Commendably, Vidal-Naquet has not written Sauvage / Wild in a way that demonises sex work or those who practice it, as his steady hand always finds the peculiar joys it can bring in the company of the right john. But neither is the director in the business of denying the dehumanising physical and psychological harm that men like Léo open themselves up to in such a line of work.

Tracking the lead character’s downward trajectory towards vagrancy, later portions of Sauvage / Wild shift gear to show what Léo will permit to be inflicted on his body in order to survive. A particularly difficult scene sees him poked and prodded like a scientific curio by a gay couple who disparage his withering frame and the stench of his unwashed body. Desperate for cash, he allows them to experiment with the malleability of his body using a sadistically oversized sex toy. Vidal-Naquet is careful never to allow the shock value of this sequence to tip over into sensationalism, with a tight focus on Léo’s face pulling close into the immense pain and desperation he must endure.

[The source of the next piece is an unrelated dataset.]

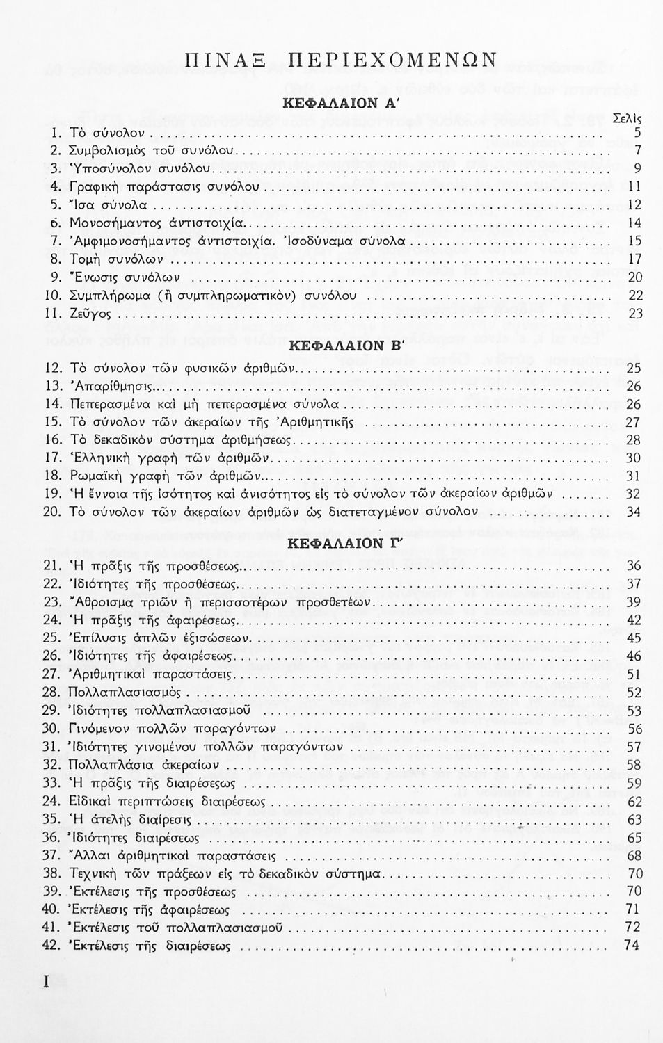 Σχολικό εγχειρίδιο Μαθηματικών Α' Γυμνασίου που περιέχει άλγεβρα με έμφαση στις αριθμητικές πράξεις με ακέραιους, δεκαδικούς και κλάσματα, και γεωμετρία με έμφαση στην επιπεδομετρία. Περιέχει και εισαγωγή στη θεωρία των συνόλων. Φέρει το σύμβολο της δικτατορίας.

Léo is not only robbed of his personhood by the film’s tangible events — his name, only revealed in the closing credits, is never spoken aloud, and the story of how he found himself turning tricks on the streets of the French capital with no familial support goes completely untold. Even Léo himself shrugs it off when he meets with medical professionals whose attempts to understand his context and history are futile.

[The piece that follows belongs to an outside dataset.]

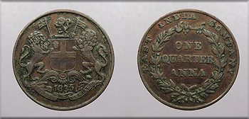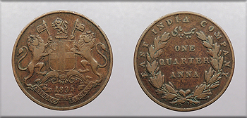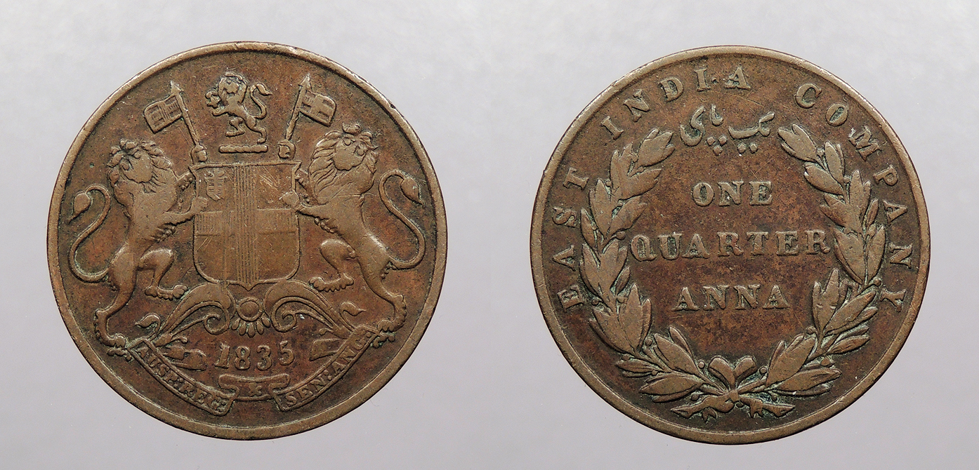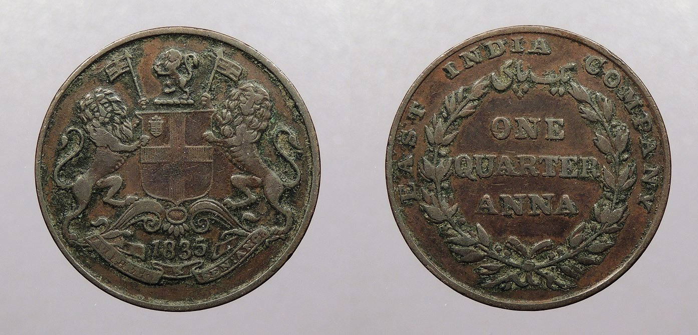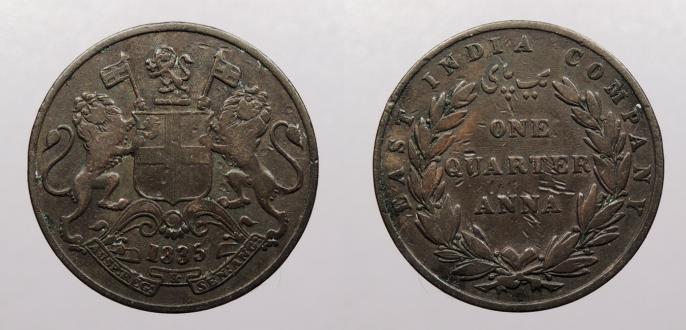 INDIA East India Co. British 1835 (b) 25.2 mm 1/4 Anna -- #:WC108245

In spite of this, Vidal-Naquet’s hyperrealistic framing — trembling handheld cameras and washed-out, filthy colour palettes — is specifically engineered to power empathy for his protagonist. His work is matched beautifully by Maritaud, whose lead performance comes on the heels of a supporting turn in Robin Campillo’s vital, urgent BPM (Beats Per Minute), another French drama capturing uncertainty and struggle in young, gay communities.

Sauvage emerges in the context of BPM (Beats Per Minute) as a darker, grittier cousin. Both tell physically intimate stories, but where BPM (Beats Per Minute) brims with romance, anger and sheer joy, Sauvage has a harder edge and leaves more of a bitter taste. Both interject action beats using nightclub scenes that writhe and pulsate with animal energy and desire, but Sauvage / Wild dances to the beat of music more industrial and menacing.

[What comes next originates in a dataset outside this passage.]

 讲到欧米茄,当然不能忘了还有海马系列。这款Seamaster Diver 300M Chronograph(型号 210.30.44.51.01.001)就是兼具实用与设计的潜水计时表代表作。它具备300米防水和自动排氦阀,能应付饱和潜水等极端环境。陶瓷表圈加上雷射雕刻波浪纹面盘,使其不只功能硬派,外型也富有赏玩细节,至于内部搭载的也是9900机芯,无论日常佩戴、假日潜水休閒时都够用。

This paranoia and futility seeps into the film’s veins, leaving Léo stuck in his toxic, contradictory mindset — at once helpless and autonomous as he descends into homelessness and sickness. He is offered lifelines that promise comfort, care and prosperity, but Vidal-Naquet sees to the heart of this lost boy, whose desperate, instinctive need to be a man pulls him violently away from any hope of a stable but codependent life, out into the wilderness of the city where he can risk everything for self-sufficiency.

Sauvage / Wild is, to that end, a complete and devastating portrait of a young man torn in two directions by a world that at once hates and loves him.